**Input material:**
□ □ □ □ □

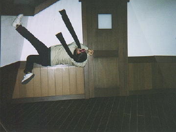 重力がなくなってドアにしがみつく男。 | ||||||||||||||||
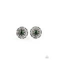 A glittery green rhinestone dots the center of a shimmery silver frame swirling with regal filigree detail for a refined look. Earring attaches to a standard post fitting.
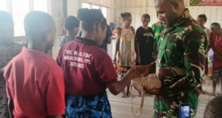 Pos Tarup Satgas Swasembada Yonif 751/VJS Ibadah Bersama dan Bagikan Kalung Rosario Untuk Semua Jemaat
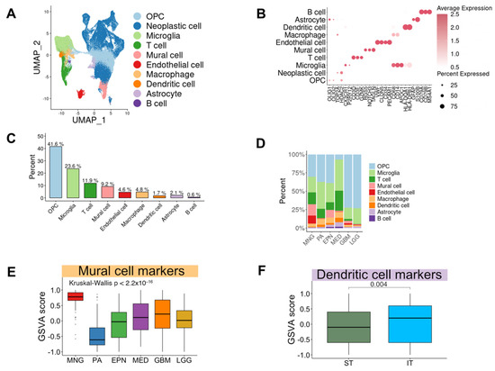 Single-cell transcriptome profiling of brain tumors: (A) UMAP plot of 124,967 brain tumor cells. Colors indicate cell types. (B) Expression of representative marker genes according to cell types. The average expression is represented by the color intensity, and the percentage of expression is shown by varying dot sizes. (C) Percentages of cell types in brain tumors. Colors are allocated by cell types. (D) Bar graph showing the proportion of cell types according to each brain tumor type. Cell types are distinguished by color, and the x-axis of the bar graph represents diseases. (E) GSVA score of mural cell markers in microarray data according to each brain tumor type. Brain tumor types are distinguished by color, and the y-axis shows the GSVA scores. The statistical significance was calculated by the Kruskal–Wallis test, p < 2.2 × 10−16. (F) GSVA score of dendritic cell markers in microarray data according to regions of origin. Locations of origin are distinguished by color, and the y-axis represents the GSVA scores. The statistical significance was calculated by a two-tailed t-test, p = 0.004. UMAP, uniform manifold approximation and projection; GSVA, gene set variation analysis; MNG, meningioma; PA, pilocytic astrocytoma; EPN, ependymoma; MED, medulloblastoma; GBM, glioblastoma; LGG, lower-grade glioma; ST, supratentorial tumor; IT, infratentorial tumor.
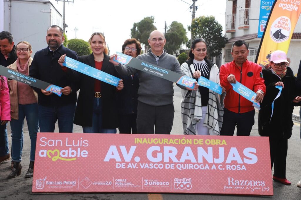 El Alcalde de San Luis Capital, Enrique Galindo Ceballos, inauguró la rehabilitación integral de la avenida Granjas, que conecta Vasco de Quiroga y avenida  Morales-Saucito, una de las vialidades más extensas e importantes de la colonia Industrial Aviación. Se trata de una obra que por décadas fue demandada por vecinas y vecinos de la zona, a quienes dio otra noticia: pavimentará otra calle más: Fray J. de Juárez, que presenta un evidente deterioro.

□ □ □ □ □

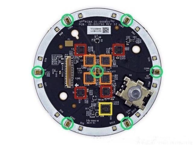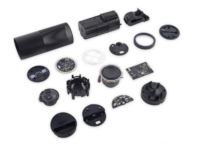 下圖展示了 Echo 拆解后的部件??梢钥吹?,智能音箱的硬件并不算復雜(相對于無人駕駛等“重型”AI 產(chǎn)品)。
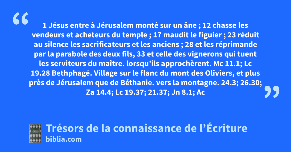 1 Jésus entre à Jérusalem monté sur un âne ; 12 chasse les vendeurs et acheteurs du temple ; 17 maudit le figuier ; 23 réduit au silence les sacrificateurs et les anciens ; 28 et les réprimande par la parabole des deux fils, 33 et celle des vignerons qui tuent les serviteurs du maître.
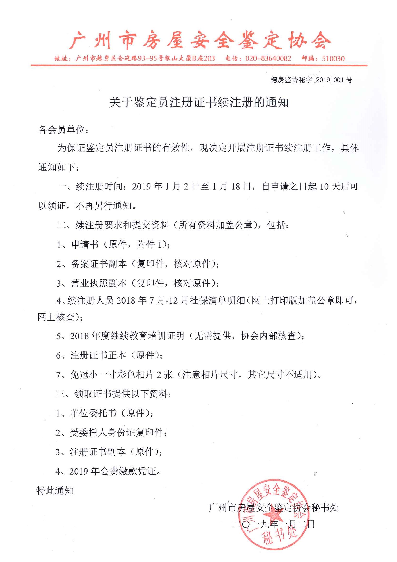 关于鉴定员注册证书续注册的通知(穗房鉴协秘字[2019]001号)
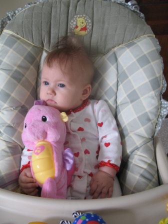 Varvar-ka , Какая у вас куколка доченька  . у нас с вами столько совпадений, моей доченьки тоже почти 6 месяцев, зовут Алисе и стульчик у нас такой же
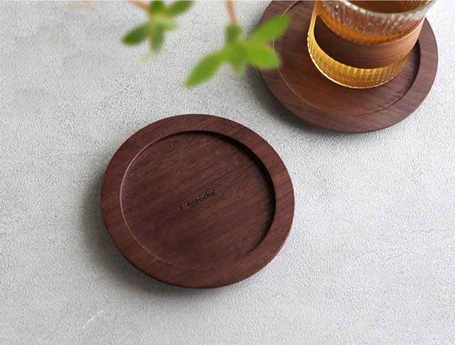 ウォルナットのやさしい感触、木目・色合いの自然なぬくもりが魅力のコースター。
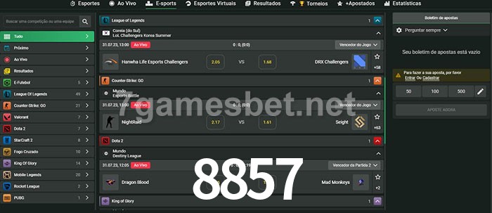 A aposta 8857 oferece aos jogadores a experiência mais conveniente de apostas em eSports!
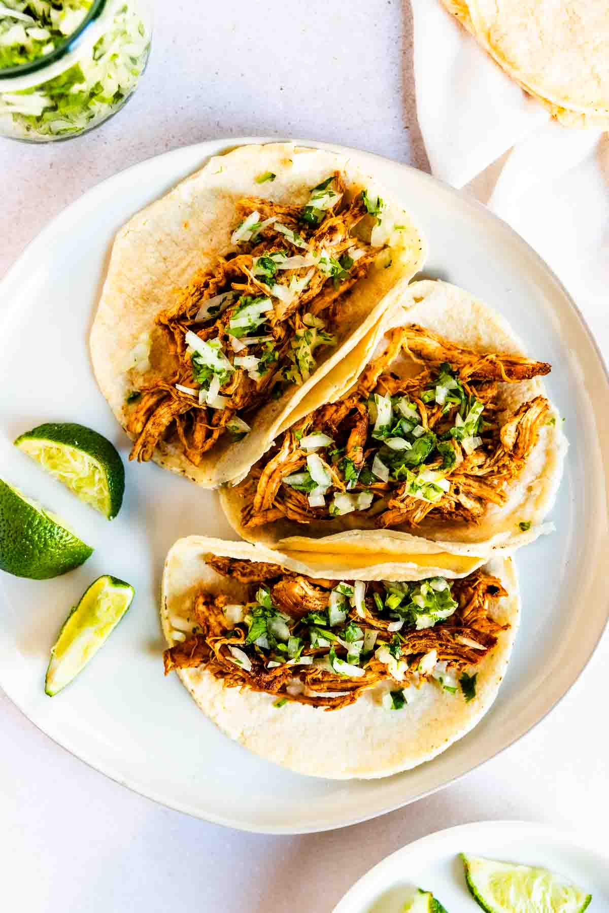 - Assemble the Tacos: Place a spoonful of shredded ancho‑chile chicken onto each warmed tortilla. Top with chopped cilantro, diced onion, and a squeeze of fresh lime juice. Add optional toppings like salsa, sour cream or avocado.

□ □ □ □ □

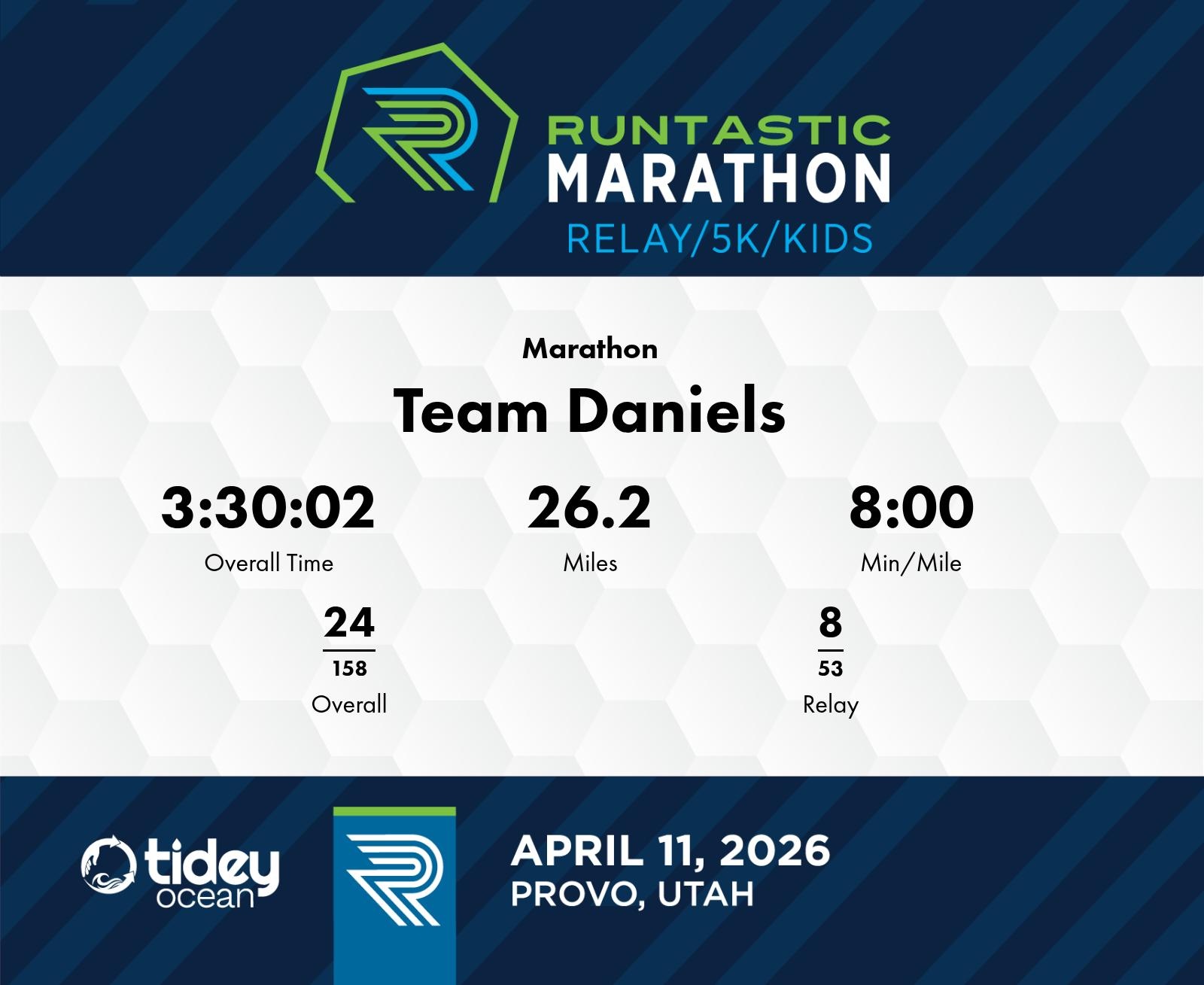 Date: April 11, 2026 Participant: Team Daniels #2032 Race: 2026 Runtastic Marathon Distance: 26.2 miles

□ □ □ □ □

**Exercise objective:** Exercise for the records above: copy only the lines from the one with "重力がなくなってドアにしがみつく男。 | ||||||||||||||||" to the one with "Pos Tarup Satgas", both ends kept, and drop the pictures.

**Worked solution:**
 重力がなくなってドアにしがみつく男。 | ||||||||||||||||
 A glittery green rhinestone dots the center of a shimmery silver frame swirling with regal filigree detail for a refined look. Earring attaches to a standard post fitting.
 Pos Tarup Satgas Swasembada Yonif 751/VJS Ibadah Bersama dan Bagikan Kalung Rosario Untuk Semua Jemaat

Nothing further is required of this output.